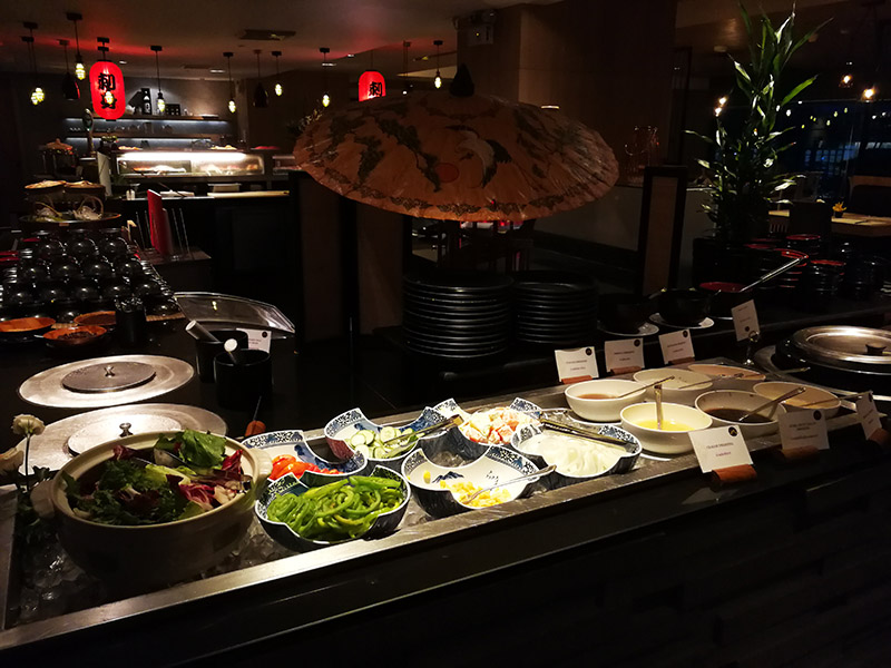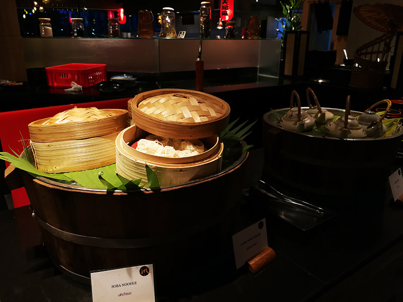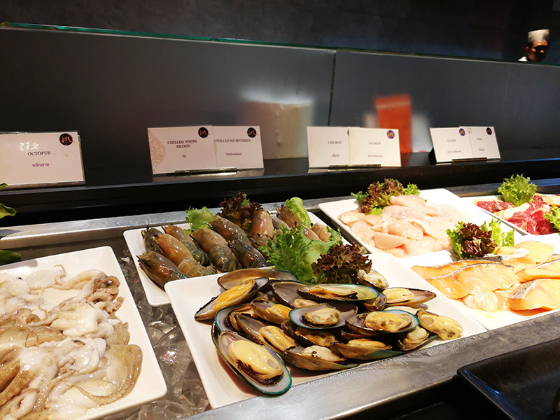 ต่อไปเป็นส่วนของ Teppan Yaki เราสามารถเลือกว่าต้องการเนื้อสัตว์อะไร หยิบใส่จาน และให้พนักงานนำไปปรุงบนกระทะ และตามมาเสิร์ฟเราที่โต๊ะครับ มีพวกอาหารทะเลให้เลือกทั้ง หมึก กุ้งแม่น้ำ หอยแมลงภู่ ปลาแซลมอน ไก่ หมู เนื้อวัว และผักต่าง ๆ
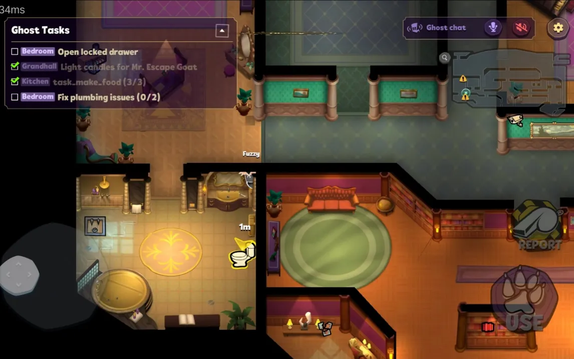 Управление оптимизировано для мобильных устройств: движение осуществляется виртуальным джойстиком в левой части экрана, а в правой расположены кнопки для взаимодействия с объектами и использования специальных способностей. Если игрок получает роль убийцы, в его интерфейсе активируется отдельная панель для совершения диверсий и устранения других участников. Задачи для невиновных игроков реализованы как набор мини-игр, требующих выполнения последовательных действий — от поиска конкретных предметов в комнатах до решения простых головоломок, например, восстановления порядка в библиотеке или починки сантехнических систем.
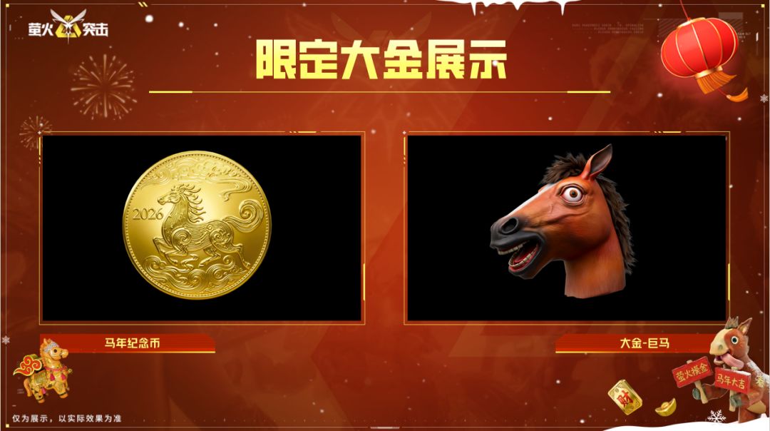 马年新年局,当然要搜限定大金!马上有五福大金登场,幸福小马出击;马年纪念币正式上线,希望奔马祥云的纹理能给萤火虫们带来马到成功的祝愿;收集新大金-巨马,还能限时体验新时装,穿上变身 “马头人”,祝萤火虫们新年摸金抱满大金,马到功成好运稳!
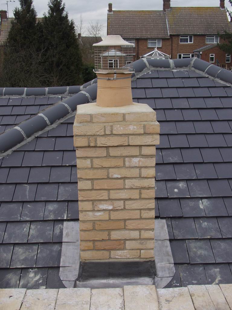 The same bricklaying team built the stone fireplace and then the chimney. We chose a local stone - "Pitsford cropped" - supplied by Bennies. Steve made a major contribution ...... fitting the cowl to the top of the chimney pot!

::::

Pictures are to be dropped, and the lines from the line with "Управление оптимизировано для" through the end of the material above are to be reproduced exactly.

 Управление оптимизировано для мобильных устройств: движение осуществляется виртуальным джойстиком в левой части экрана, а в правой расположены кнопки для взаимодействия с объектами и использования специальных способностей. Если игрок получает роль убийцы, в его интерфейсе активируется отдельная панель для совершения диверсий и устранения других участников. Задачи для невиновных игроков реализованы как набор мини-игр, требующих выполнения последовательных действий — от поиска конкретных предметов в комнатах до решения простых головоломок, например, восстановления порядка в библиотеке или починки сантехнических систем.
 马年新年局,当然要搜限定大金!马上有五福大金登场,幸福小马出击;马年纪念币正式上线,希望奔马祥云的纹理能给萤火虫们带来马到成功的祝愿;收集新大金-巨马,还能限时体验新时装,穿上变身 “马头人”,祝萤火虫们新年摸金抱满大金,马到功成好运稳!
 The same bricklaying team built the stone fireplace and then the chimney. We chose a local stone - "Pitsford cropped" - supplied by Bennies. Steve made a major contribution ...... fitting the cowl to the top of the chimney pot!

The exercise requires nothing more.